We are not especially concerned about what technical interest or estate Ellen and Mabel acquired when they were born; but we are especially anxious to ascertain what dispositions testator intended to make and give his intention effect, if his intended dispositions were lawful. Now if, as appellants contend, Ellen and Mabel when they were born became vested with a remainder in fee, yet, as we have said, it is clear testator intended to make substituted dispositions to the descendants of a child or children born who might die before Addie. So such remainder (if vested) in Ellen and Mabel should be considered a defeasible fee which was divested as to their individual shares upon their deaths during the life of Addie. See now Vol. 2, Underhill, A Treatise on the Law of Wills, sec. 867, pp. 1311-1312.
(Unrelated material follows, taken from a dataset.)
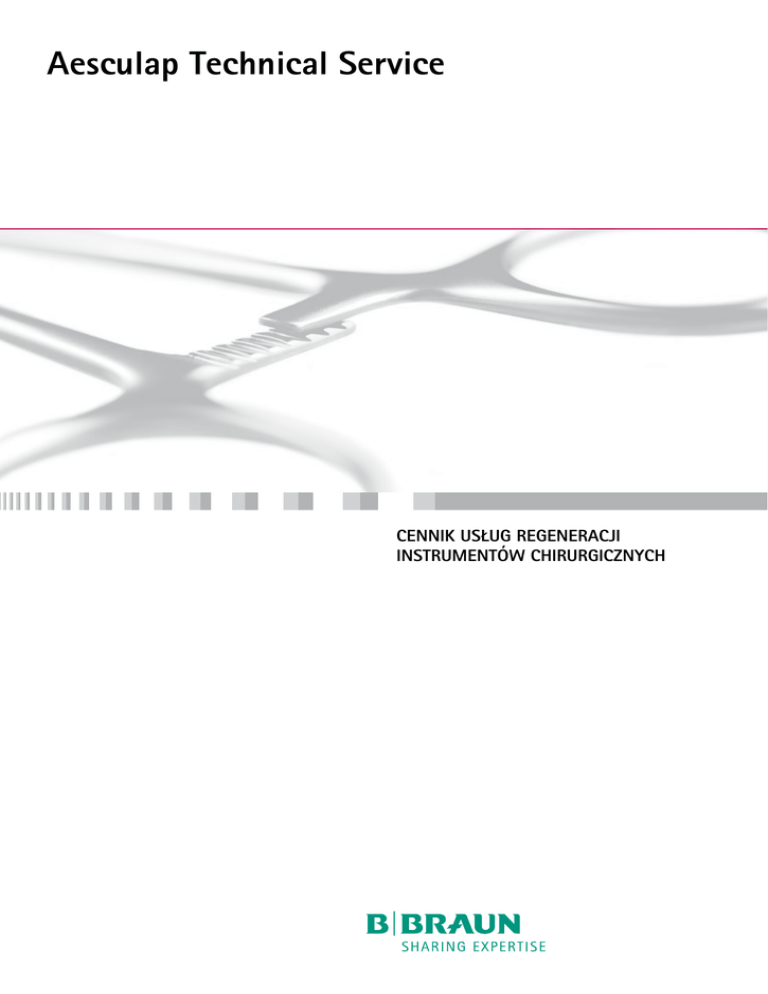 Aesculap Technical Service CENNIK USŁUG REGENERACJI INSTRUMENTÓW CHIRURGICZNYCH CENNIK USŁUG REGENERACJI INSTRUMENTÓW CHIRURGICZNYCH Nazwa Blaszki ortopedyczne cena netto cena brutto 16,00 zł 19,52 zł Blaszki ortopedyczne zakrzywiane 21,00 zł 25,62 zł Cążki do skórek i paznokci 35,00 zł 42,70 zł Dłuta, osteotomy, raspatory 25,00 zł 30,50 zł Drobne narzędzia stomatologiczne 15,00 zł 18,30 zł Dziurkacz PKS ( SP-045 ) 65,00 zł 79,30 zł Dźwignia do korzeni 22,00 zł 26,84 zł Frezy do stawów różne 35,00 zł 42,70 zł Frezy kuliste 25,00 zł 30,50 zł Haczyk do piłki drutowej 25,00 zł 30,50 zł Haki do gwoździ Kirschnera 40,00 zł 48,80 zł Haki różne 25,00 zł 30,50 zł Haki z powłoką chromowo-niklową 60,00 zł 73,20 zł Igła do biopsji bez niklowania 45,00 zł 54,90 zł Igły Deschamps 22,00 zł 26,84 zł Imadła chirurgiczne z twardą wkładką 80,00 zł 97,60 zł Imadła chirurgiczne zwykle 26,00 zł 31,72 zł Klamry ortopedyczne 65,00 zł 79,30 zł Kleszcz do cięcia gipsu typ Stille 65,00 zł 79,30 zł Kleszcze do cięcia drutu ( obrotowe) 80,00 zł 97,60 zł Kleszcze do cięcia żeber typ Liston 80,00 zł 97,60 zł Kleszcze do trzymania kości 60,00 zł 73,20 zł Kleszcze ekstrakcyjne 30,00 zł 36,60 zł Kleszcze jelitowe 25,00 zł 30,50 zł Kleszcze ort. do cięcia drutu typ KO-910 45,00 zł 54,90 zł Kleszcze ort. do cięcia drutu typ OP-013 55,00 zł 67,10 zł Kleszcze ort. z wym.wkł. typ KO-908 98,00 zł 119,56 zł Kleszcze protetyczne 22,00 zł 26,84 zł Kleszcze protetyczne do cięcia drutu 45,00 zł 54,90 zł Kleszcze z przekładnią do cięcia drutu 150,00 zł 183,00 zł Kleszcze z przekładnią do cięcia drutu 150,00 zł 183,00 zł Kleszczyki naczyniowe 22,00 zł 26,84 zł Końcówki ssące 25,00 zł 30,50 zł Kosze narzędziowe 30,00 zł 36,60 zł Łyżeczki kostne 25,00 zł 30,50 zł Młotki 35,00 zł 42,70 zł Narzędzia artroskopowe 65,00 zł 79,30 zł Narzędzia laparoskopowe 50,00 zł 61,00 zł Noże Beckmana 28,00 zł 34,16 zł Noże do mikrotomu 28,00 zł 34,16 zł Noże sekcyjne 25,00 zł 30,50 zł Nazwa cena netto cena brutto Nożyczki 23,00 zł 28,06 zł Nożyczki do gipsu 26,00 zł 31,72 zł Nożyczki wieloczynnościowe 26,00 zł 31,72 zł Nożyczki z twardą wkładką 28,00 zł 34,16 zł Odgryzacze kostne 60,00 zł 73,20 zł Odgryzacze kostne typ Kerisson 70,00 zł 85,40 zł Odgryzacze kostne typ Rongeure 70,00 zł 85,40 zł Odgryzacze typ Luery 60,00 zł 73,20 zł Opinaki Backchaus 20,00 zł 24,40 zł Perforator do skóry 80,00 zł 97,60 zł 140,00 zł 170,80 zł Pętla migdałkowa 40,00 zł 48,80 zł Piłki 15,00 zł 18,30 zł Piłki amputacyjne z powłoką chromowo-niklową 65,00 zł 79,30 zł Piły amputacyjne 45,00 zł 54,90 zł Pincety / różne 15,00 zł 18,30 zł Pincety z twardą wkładką 50,00 zł 61,00 zł Podważki kostne 30,00 zł 36,60 zł Pudełka do igieł 20,00 zł 24,40 zł Rama typ Collin 70,00 zł 85,40 zł Retraktor nastawny linkowy 100,00 zł 122,00 zł Rongeure (FF800R-dorabianie szczęk) 180,00 zł 219,60 zł Rozsz. gin. typ Hegar z powłoką chromowo-niklową 40,00 zł 48,80 zł Rozszerzadło Hegara 19,00 zł 23,18 zł Rozwieracz do ran 40,00 zł 48,80 zł Rozwieracz do ran przegubowy 65,00 zł 79,30 zł Perforator do skóry (dorabianie tulejek) Rozwieracz typ Finochietto 150,00 zł 183,00 zł Skalpele, noże 15,00 zł 18,30 zł Skrobaczki ginekologiczne, sondy 25,00 zł 30,50 zł Szczęko-rozwieracz do ran typ Roser 40,00 zł 48,80 zł 120,00 zł 146,40 zł Tacki do narzędzi chirurgicznych 65,00 zł 79,30 zł Wiertarki ręczne 80,00 zł 97,60 zł Wiertła 10,00 zł 12,20 zł Wkrętaki kostne 30,00 zł 36,60 zł Wzierniki Cusko z powłoką chromowo-niklową 60,00 zł 73,20 zł Wzierniki dwułyżkowe z powłoką chromowo-niklową 70,00 zł 85,40 zł Wzierniki ginekologiczne nierdzewne 35,00 zł 42,70 zł Wzierniki nosowe 30,00 zł 36,60 zł Wzierniki uszne 20,00 zł 24,40 zł 2,00 zł 2,44 zł Szczęko-rozwieracz typ Whitehead Znakowanie elektro-chemiczne Ogólne zasady dla usługi Regeneracji: 1. Usługa Regeneracji obejmuje kompleksową naprawę instrumentów wraz z wymianą niezbędnych części i pełną obróbką powierzchni. Takie przeprowadzenie naprawy gwarantuje przywrócenie bezpieczeństwa i pełnej funkcjonalności narzędzi. 2. Na wykonaną usługę dajemy 6-cio miesięczną gwarancję. 3. Standardowy czas wykonania usługi to 14 dni po przesłaniu narzędzi wraz ze zleceniem lub po zaakceptowaniu wyceny na piśmie (faksem pod nr: 061 420452 lub pocztą). 4. Zlecenie powinno zawierać: informację czy instrumenty zostały poddane procesom dezynfekcji, specyfikację ilościową (nazwę lub opis przedmiotu, ilości poszczególnych instrumentów) oraz ewentualne uwagi dotyczące dodatkowego oznakowania, przesyłki lub fakturowania. 5. Na zleceniu prosimy podać również dane osoby do kontaktu z Państwa strony (imię, nazwisko oraz nr telefonu) – pozwoli to na przekazanie informacji o kosztach naprawy oraz uzgodnienie czasu i miejsca dostawy zregenerowanych narzędzi. 6. Istnieje możliwość skrócenia czasu usługi (usługa ekspresowa) po uzgodnieniu z Kierownikiem Działu Regeneracji. 7. Dla imadeł chirurgicznych z twardą wkładką (pozycja nr 16) czas oczekiwania może ulec wydłużeniu ze względu na technologię wykonania. 8. Instrumenty niklowane i/lub chromowane - czas oczekiwania dłuższy ze względu na technologię wykonania. 9. Narzędzia nieopisane w cenniku będą wyceniane indywidualnie a termin wykonania usługi zostaje określony podczas wyceny. 10.Narzędzia przesyłacie Państwo na własny koszt jeśli umowa serwisowa nie stanowi inaczej. 11.W razie wszelkich pytań prosimy o kontakt bezpośrednio z Działem Regeneracji naszej firmy: tel. 0 61 44 20 451 lub 061 44 20 452. AESCULAP CHIFA Sp. z o.o. ul. Tysi¹clecia 14, 64-300 Nowy Tomyœl, tel. 061 44 20 300 fax 061 44 20 282 www.chifa.com.pl e-mail: [email protected]

Now when the will was executed the testator's daughter Addie was unmarried, and testator did not know she would marry, but testator appears to have been thoughtful of grandchildren, children of Addie, or their descendants, if Addie married and died leaving "issue." It seems he must have wanted to provide stirpes for the possible "issue" of Addie. At the time the will was executed testator had but one grandchild in being, Napoleon B. Crisp, the son of the daughter Anna. If Addie never married, or having married had no issue living when she died, testator wanted his grandson Napoleon to have the property Obviously he could not name in his will, as individuals, the unborn children of Addie. He could only think of and provide for them as a class, which could be described  as "children" of Addie, which class upon the birth of one or more of the class might yet fail or increase or decrease in number. So we see he devised a particular (life) estate to Addie; and the language of the whole Item IV manifests the termination of the particular estate, at the death of Addie, as the intended time of ascertainment of those children of Addie who would become vested with the remainder in "equal portions forever." And it is our interpretation that testator intended, in the event children were born to Addie, one or more of which predeceased her, the share or shares which the deceased child or children, if living, would have "been entitled to" should become absolutely vested, at Addie's death, in those descendants (of the deceased child or children) who survived Addie.
It follows that respondent, Adeline Hoffman Coley, is the absolute owner of an undivided one-third interest in the described land; and that respondents, Carl M., Melvin F., Kenneth S., and Dorothy M. Baird are the absolute owners of an undivided one-third interest in the described land.
The judgment should be affirmed.
It is so ordered. Bradley and Dalton, CC., concur.
The foregoing opinion by VAN OSDOL, C., is adopted as the opinion of the court. All the judges concur.